## [Recorded data]
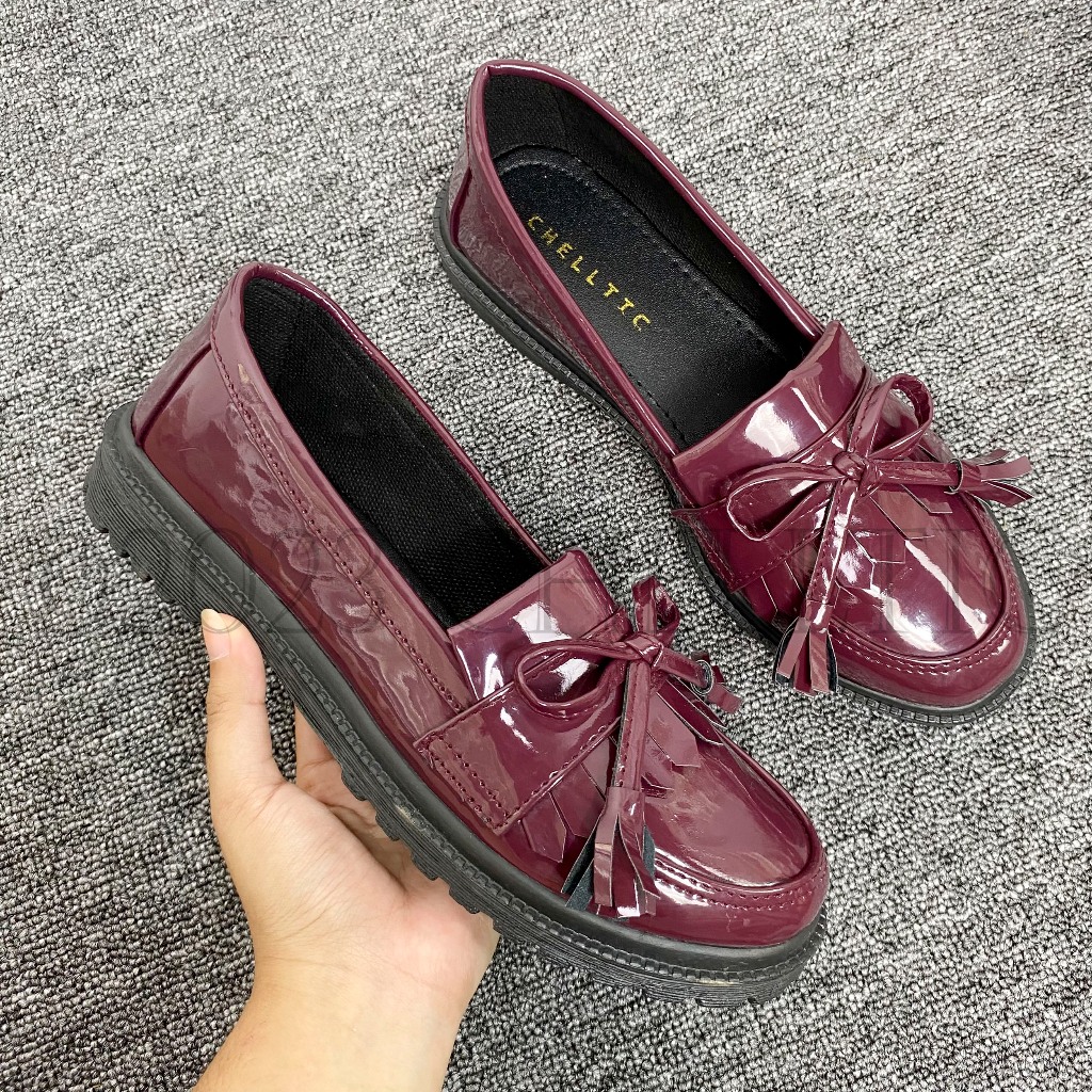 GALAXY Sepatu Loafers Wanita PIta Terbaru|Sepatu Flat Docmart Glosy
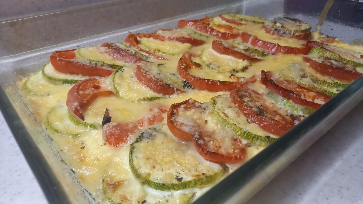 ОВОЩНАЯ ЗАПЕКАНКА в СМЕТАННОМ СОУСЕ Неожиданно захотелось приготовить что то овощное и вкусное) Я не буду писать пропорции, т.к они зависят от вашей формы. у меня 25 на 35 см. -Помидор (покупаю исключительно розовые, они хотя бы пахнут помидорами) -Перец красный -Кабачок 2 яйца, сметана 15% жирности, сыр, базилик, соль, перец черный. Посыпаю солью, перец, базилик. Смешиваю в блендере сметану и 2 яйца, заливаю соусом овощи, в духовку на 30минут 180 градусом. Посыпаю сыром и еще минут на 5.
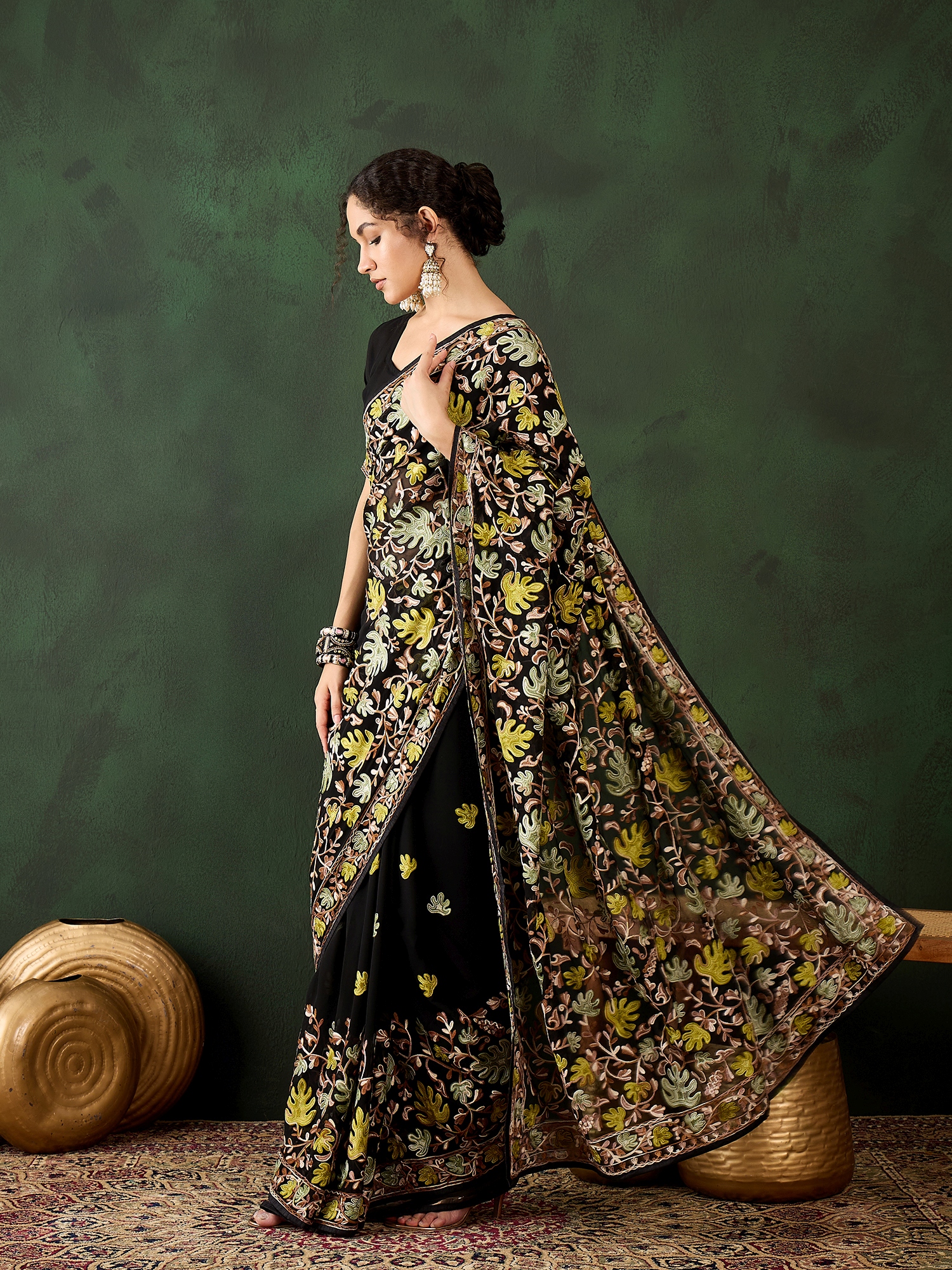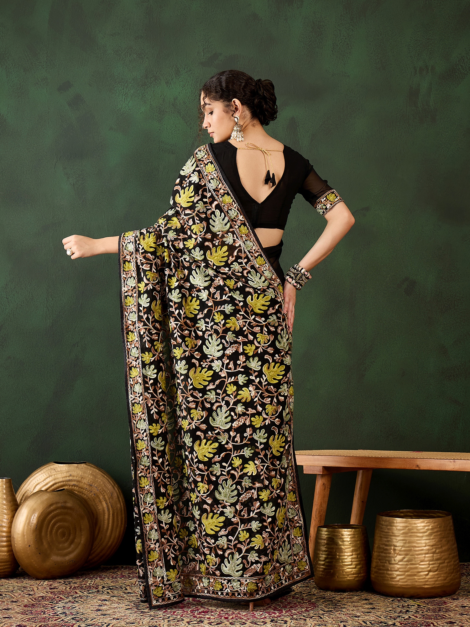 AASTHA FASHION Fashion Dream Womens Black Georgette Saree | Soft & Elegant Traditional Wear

## [Work to be completed]
Go through the material above and retype every line exactly, without the images.

## [Response to the exercise]
 GALAXY Sepatu Loafers Wanita PIta Terbaru|Sepatu Flat Docmart Glosy
 ОВОЩНАЯ ЗАПЕКАНКА в СМЕТАННОМ СОУСЕ Неожиданно захотелось приготовить что то овощное и вкусное) Я не буду писать пропорции, т.к они зависят от вашей формы. у меня 25 на 35 см. -Помидор (покупаю исключительно розовые, они хотя бы пахнут помидорами) -Перец красный -Кабачок 2 яйца, сметана 15% жирности, сыр, базилик, соль, перец черный. Посыпаю солью, перец, базилик. Смешиваю в блендере сметану и 2 яйца, заливаю соусом овощи, в духовку на 30минут 180 градусом. Посыпаю сыром и еще минут на 5.
 AASTHA FASHION Fashion Dream Womens Black Georgette Saree | Soft & Elegant Traditional Wear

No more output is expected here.